A volte sorgono situazioni di fatto. Ci sono strutture che sono costruite su ex uliveti. La situazione di tali strutture deve essere legalizzata.- Primo Ministro Binali Yildirim

All'incontro di Ankara, i leader del settore olivicolo hanno fatto appello a Faruk Çelik, il ministro dell'alimentazione, dell'agricoltura e del bestiame e Faruk Özlü, ministro delle scienze, dell'industria e della tecnologia per le proposte di modifica del "Olive Law ”mirava a riformare la produzione industriale, da omettere o rivedere in consultazione con tutte le parti. Non è prevista una decisione definitiva fino a quando non avrà luogo un incontro con il Primo Ministro Binali Yildirim.
Guarda anche: Il governo turco indietreggia proponendo modifiche a 'Olive Law "
Sembra che Yildirim sostenga le modifiche alla legge proposte con i commenti che ha fatto in una riunione del 3 giugnord: "A volte sorgono situazioni di fatto. Ci sono strutture che sono costruite su ex uliveti. La situazione di tali strutture deve essere legalizzata. Se quel boschetto si trova in un cantiere edile industriale, se non vi è alcuna possibilità di dedicarsi all'agricoltura olivicola, il regolamento consente all'industria di utilizzare i campi di cui ha bisogno. "

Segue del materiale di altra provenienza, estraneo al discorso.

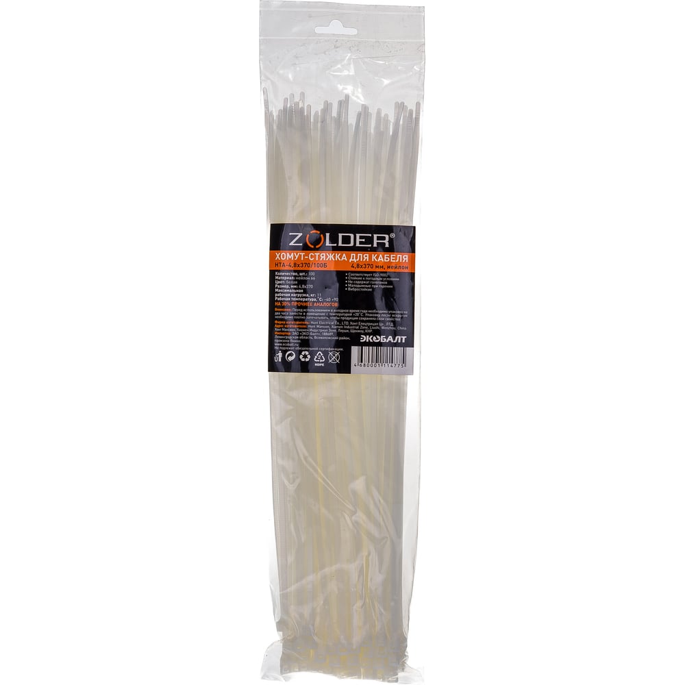 Стяжка для кабеля ZOLDER 370х4,8 мм нейлон, белая, 100 шт. HTA-4,8х370/100Б
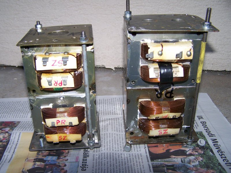 Közzéteszek egy pár képet hol tartok. A trafók megvannak és a kompresszor is 80%-ban kész. Az egyenirányításon gondolkodom hogyan legyen. Nem tudom , hogy a három trafó szekunder tekercsét össze lehet-e így kötni deltába mikor a trafók külön vannak. Esetleg ha valaki tudná a választ jó lenne. Nem jó így saját magammal beszélgetni .

Yildirim ha criticato le obiezioni dicendo: "È stato presentato come se gli uliveti venissero rasa al suolo per la costruzione. Questo è sbagliato. Coloro che non vogliono che la Turchia ottenga un potere competitivo si stanno impegnando in questa manipolazione. ”Ha accusato l'opposizione di "presentandolo in modo tale che sia come se avessimo distrutto uliveti. Rispetto al 2002, gli oliveti sono cresciuti, la produzione di olive è stata aumentata per rendere la Turchia seconda in Europa (in termini di produzione) ".

Una posizione più comprensiva è stata mostrata da Faruk Özlü, ministro della scienza, dell'industria e della tecnologia, il 4 giugnoth, quando annunciò che avrebbe ritirato la controversa bozza di olivo se fosse stata "fatto del male anche a un olivo ", aggiungendo, "Se so che anche un ulivo verrà abbattuto a causa di questa legge, lo ritirerò. "

"Abbiamo piantato oltre 71 milioni di ulivi negli ultimi 14 anni. Quando abbiamo adottato la regola per la prima volta, c'erano quasi 100 milioni di ulivi in ​​tutta la Turchia. Questo è ora aumentato a 171 milioni. Perché dovremmo distruggerli? Non ci saranno danni agli oliveti ", ha detto Özlü.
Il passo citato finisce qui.